── MATERIAL TO PROCESS

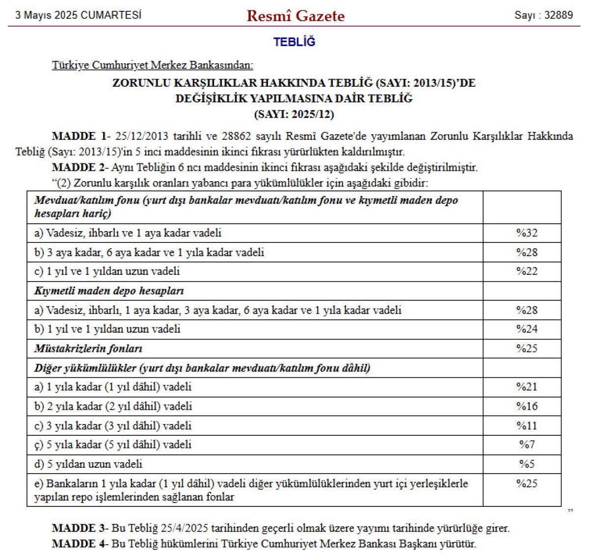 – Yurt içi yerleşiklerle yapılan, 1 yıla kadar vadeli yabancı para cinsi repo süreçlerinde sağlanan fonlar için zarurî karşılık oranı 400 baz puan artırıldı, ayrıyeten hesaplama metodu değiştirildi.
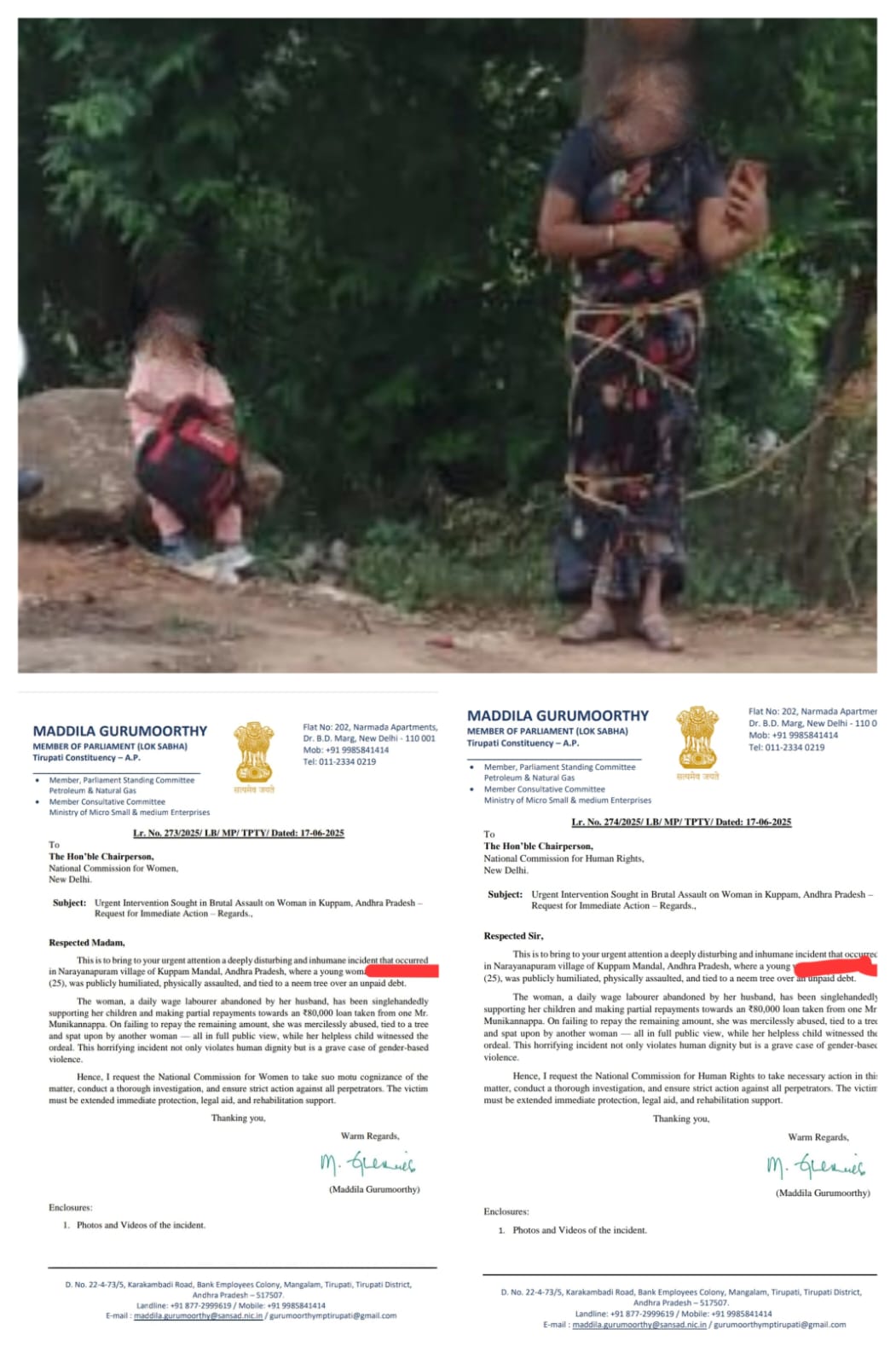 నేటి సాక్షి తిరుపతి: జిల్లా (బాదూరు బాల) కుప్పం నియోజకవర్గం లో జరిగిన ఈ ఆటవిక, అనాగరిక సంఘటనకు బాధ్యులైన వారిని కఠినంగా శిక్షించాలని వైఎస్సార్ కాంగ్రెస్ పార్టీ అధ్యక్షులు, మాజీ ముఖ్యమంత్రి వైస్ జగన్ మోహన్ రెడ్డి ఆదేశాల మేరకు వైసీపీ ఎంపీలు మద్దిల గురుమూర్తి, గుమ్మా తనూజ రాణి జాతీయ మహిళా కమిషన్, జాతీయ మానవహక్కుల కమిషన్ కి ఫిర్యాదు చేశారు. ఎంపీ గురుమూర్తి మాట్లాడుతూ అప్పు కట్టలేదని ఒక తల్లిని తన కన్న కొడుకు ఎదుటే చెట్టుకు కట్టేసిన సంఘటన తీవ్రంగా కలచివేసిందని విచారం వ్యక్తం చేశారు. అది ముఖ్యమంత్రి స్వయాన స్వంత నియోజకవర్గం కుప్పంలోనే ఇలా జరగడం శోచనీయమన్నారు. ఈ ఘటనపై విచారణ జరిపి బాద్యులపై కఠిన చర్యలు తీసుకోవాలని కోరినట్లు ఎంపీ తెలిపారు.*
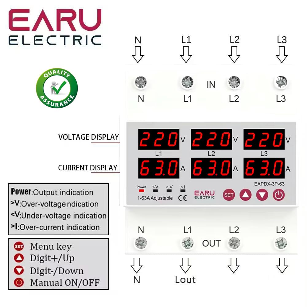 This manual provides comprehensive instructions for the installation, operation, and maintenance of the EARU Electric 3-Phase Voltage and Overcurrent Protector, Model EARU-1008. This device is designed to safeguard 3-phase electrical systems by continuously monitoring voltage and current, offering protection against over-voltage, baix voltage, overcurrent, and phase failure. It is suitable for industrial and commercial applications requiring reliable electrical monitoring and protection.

────
── MATERIAL TO PROCESS

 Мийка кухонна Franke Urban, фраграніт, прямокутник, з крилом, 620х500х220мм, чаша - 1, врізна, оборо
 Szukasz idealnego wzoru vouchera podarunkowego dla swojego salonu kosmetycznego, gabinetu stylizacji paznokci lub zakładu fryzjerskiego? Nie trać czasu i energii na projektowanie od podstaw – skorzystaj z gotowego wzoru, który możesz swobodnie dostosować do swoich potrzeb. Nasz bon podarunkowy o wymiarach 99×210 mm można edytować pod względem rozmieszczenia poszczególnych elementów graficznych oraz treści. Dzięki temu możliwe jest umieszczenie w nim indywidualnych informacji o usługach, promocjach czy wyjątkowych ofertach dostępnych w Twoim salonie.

────

■ EXERCISE
Every line above between the one containing "hesaplama metodu değiştirildi." and the one containing "This manual provides", those two included, is to be printed exactly. No pictures go into the copy.

■ EXERCISE RESPONSE
 – Yurt içi yerleşiklerle yapılan, 1 yıla kadar vadeli yabancı para cinsi repo süreçlerinde sağlanan fonlar için zarurî karşılık oranı 400 baz puan artırıldı, ayrıyeten hesaplama metodu değiştirildi.
 నేటి సాక్షి తిరుపతి: జిల్లా (బాదూరు బాల) కుప్పం నియోజకవర్గం లో జరిగిన ఈ ఆటవిక, అనాగరిక సంఘటనకు బాధ్యులైన వారిని కఠినంగా శిక్షించాలని వైఎస్సార్ కాంగ్రెస్ పార్టీ అధ్యక్షులు, మాజీ ముఖ్యమంత్రి వైస్ జగన్ మోహన్ రెడ్డి ఆదేశాల మేరకు వైసీపీ ఎంపీలు మద్దిల గురుమూర్తి, గుమ్మా తనూజ రాణి జాతీయ మహిళా కమిషన్, జాతీయ మానవహక్కుల కమిషన్ కి ఫిర్యాదు చేశారు. ఎంపీ గురుమూర్తి మాట్లాడుతూ అప్పు కట్టలేదని ఒక తల్లిని తన కన్న కొడుకు ఎదుటే చెట్టుకు కట్టేసిన సంఘటన తీవ్రంగా కలచివేసిందని విచారం వ్యక్తం చేశారు. అది ముఖ్యమంత్రి స్వయాన స్వంత నియోజకవర్గం కుప్పంలోనే ఇలా జరగడం శోచనీయమన్నారు. ఈ ఘటనపై విచారణ జరిపి బాద్యులపై కఠిన చర్యలు తీసుకోవాలని కోరినట్లు ఎంపీ తెలిపారు.*
 This manual provides comprehensive instructions for the installation, operation, and maintenance of the EARU Electric 3-Phase Voltage and Overcurrent Protector, Model EARU-1008. This device is designed to safeguard 3-phase electrical systems by continuously monitoring voltage and current, offering protection against over-voltage, baix voltage, overcurrent, and phase failure. It is suitable for industrial and commercial applications requiring reliable electrical monitoring and protection.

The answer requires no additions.